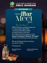 മനാമ: കെഎംസിസി ബഹ്റൈൻ സ്റ്റേറ്റ് കമ്മിറ്റി ഇസ ടൌൺ ഇന്ത്യൻ സ്കൂൾ ഗ്രൗണ്ടിൽ സംഘടിപ്പിച്ച ഗ്രാൻഡ് ഇഫ്താറിൽ ഏതാണ്ട് പതിനായിരത്തോളം പേർ പങ്കെടുത്തു. ഗ്രാൻഡ് ഇഫ്താർ സംഗമം മുസ്ലിം ലീഗ് കേരള സ്റ്റേറ്റ് പ്രസിഡന്റ് പാണക്കാട് സയ്യിദ് സാദിഖലി ശിഹാബ് തങ്ങൾ ഉദ്ഘാടനം ചെയ്തു.
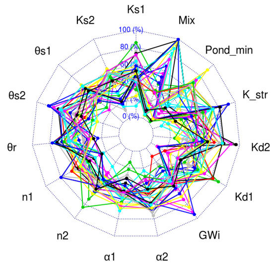 The second-order indices confirm the important effect of on the evolution in the vineyard subsurface volume, interacting clearly with all other parameters (see Figure 6). The sum of first-order and second-order indices for , namely 0.33 (Figure 5) and 0.4 (Figure 6), is near 0.79, which is the total index. This means that for this output variable, the parameter contributes mostly to direct effects and second-order interactions, and little to higher-order interactions. To a lesser extent, surface runoff parameters and interact, and and as well, potentially via surface/subsurface exchanges processes. Other parameters do not show significant interactions. Second-order indices on the other three hydrodynamical outputs confirm the clear trend of their first-order indices (Figure 5): major interactions of with other parameters for the cumulative volume exited, and of for breakthrough timing and cumulative surface runoff between V and VFS.
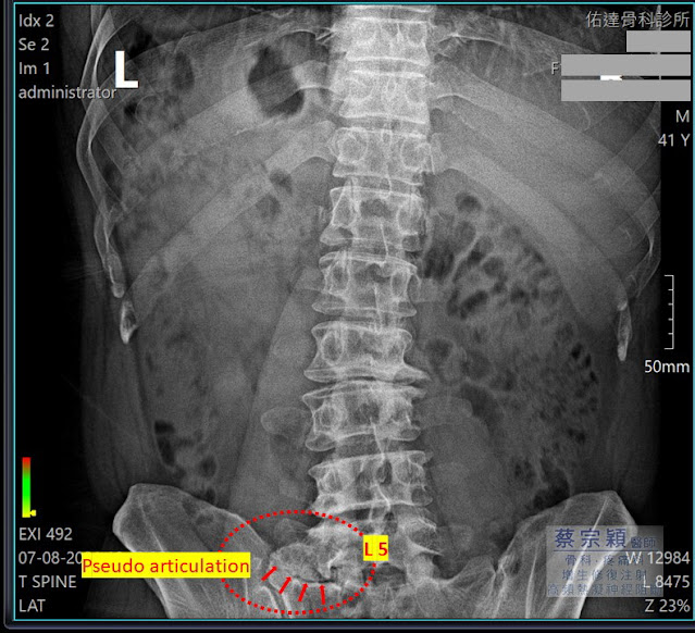 - 如上圖術前 X光顯示,病患第五腰椎左側橫突肥厚增生,與薦椎形成假性關節,以及雙側腰椎小面關節及骨盆的不穩定,同時導致脊椎側彎疼痛。
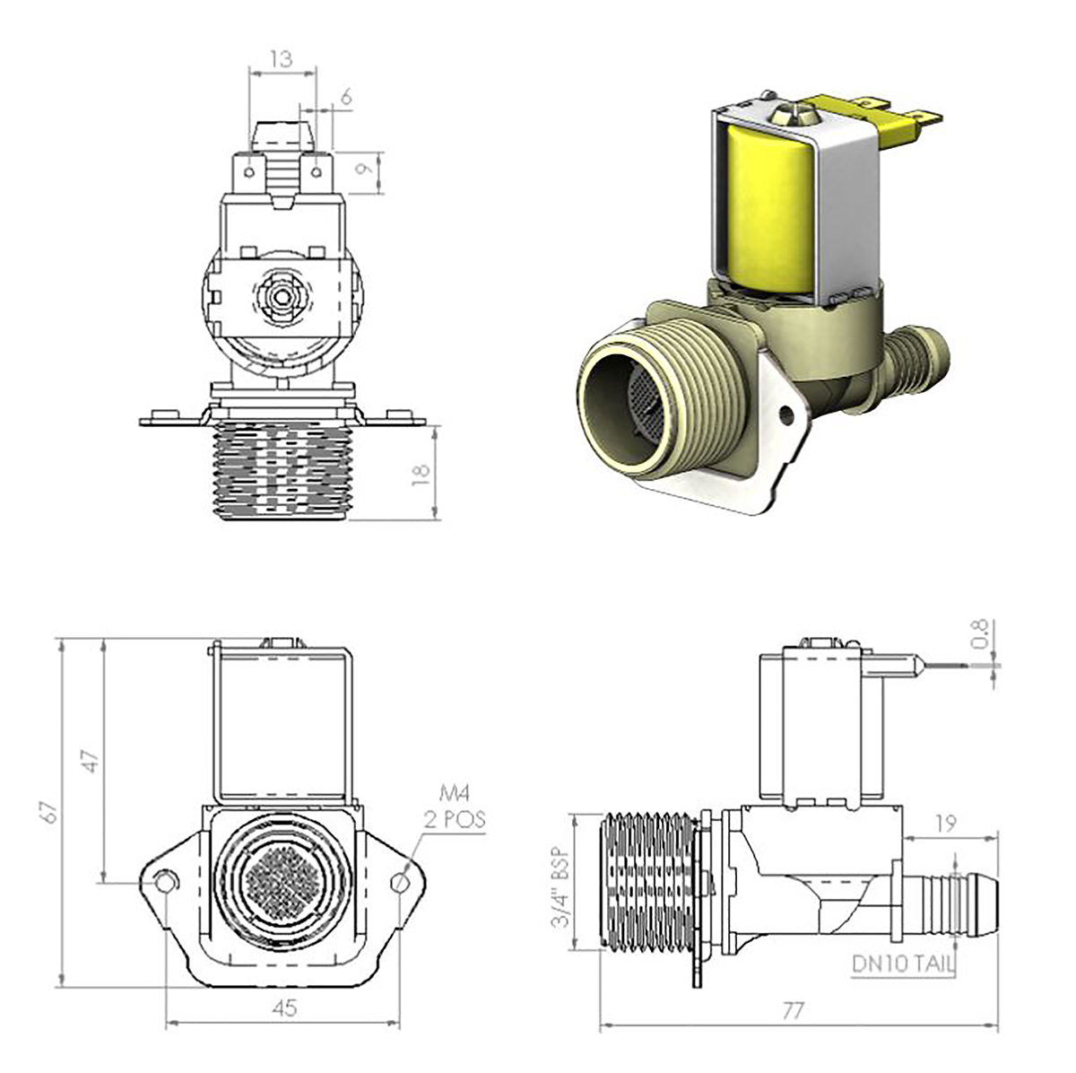 This is Solenoid Valve 2 port NC 24 V ac/dc 3/4in manufactured by RS PRO. The manufacturer part number is 190-4141. It provides up to 10 bar maximum working pressure. It has a maximum operating temperature of +60°c. It has a standard 3/4in size connection . This product features 2 number of ports. It has a standard 3/4 in bsp connection . It has a/an bsp thread standard or connection type . Features 24 v ac/dc supply voltage. The connector comes in male. The default valve position is nc . It allows to operate using solenoid. It comes in 2 (port) configuration. Furthermore, it is suitable for water applications .

▶ _ACTIVITY_: A faithful copy of all the data above, without its pictures, is the expected result.

▶ _TASK OUTPUT_:
 മനാമ: കെഎംസിസി ബഹ്റൈൻ സ്റ്റേറ്റ് കമ്മിറ്റി ഇസ ടൌൺ ഇന്ത്യൻ സ്കൂൾ ഗ്രൗണ്ടിൽ സംഘടിപ്പിച്ച ഗ്രാൻഡ് ഇഫ്താറിൽ ഏതാണ്ട് പതിനായിരത്തോളം പേർ പങ്കെടുത്തു. ഗ്രാൻഡ് ഇഫ്താർ സംഗമം മുസ്ലിം ലീഗ് കേരള സ്റ്റേറ്റ് പ്രസിഡന്റ് പാണക്കാട് സയ്യിദ് സാദിഖലി ശിഹാബ് തങ്ങൾ ഉദ്ഘാടനം ചെയ്തു.
 The second-order indices confirm the important effect of on the evolution in the vineyard subsurface volume, interacting clearly with all other parameters (see Figure 6). The sum of first-order and second-order indices for , namely 0.33 (Figure 5) and 0.4 (Figure 6), is near 0.79, which is the total index. This means that for this output variable, the parameter contributes mostly to direct effects and second-order interactions, and little to higher-order interactions. To a lesser extent, surface runoff parameters and interact, and and as well, potentially via surface/subsurface exchanges processes. Other parameters do not show significant interactions. Second-order indices on the other three hydrodynamical outputs confirm the clear trend of their first-order indices (Figure 5): major interactions of with other parameters for the cumulative volume exited, and of for breakthrough timing and cumulative surface runoff between V and VFS.
 - 如上圖術前 X光顯示,病患第五腰椎左側橫突肥厚增生,與薦椎形成假性關節,以及雙側腰椎小面關節及骨盆的不穩定,同時導致脊椎側彎疼痛。
 This is Solenoid Valve 2 port NC 24 V ac/dc 3/4in manufactured by RS PRO. The manufacturer part number is 190-4141. It provides up to 10 bar maximum working pressure. It has a maximum operating temperature of +60°c. It has a standard 3/4in size connection . This product features 2 number of ports. It has a standard 3/4 in bsp connection . It has a/an bsp thread standard or connection type . Features 24 v ac/dc supply voltage. The connector comes in male. The default valve position is nc . It allows to operate using solenoid. It comes in 2 (port) configuration. Furthermore, it is suitable for water applications .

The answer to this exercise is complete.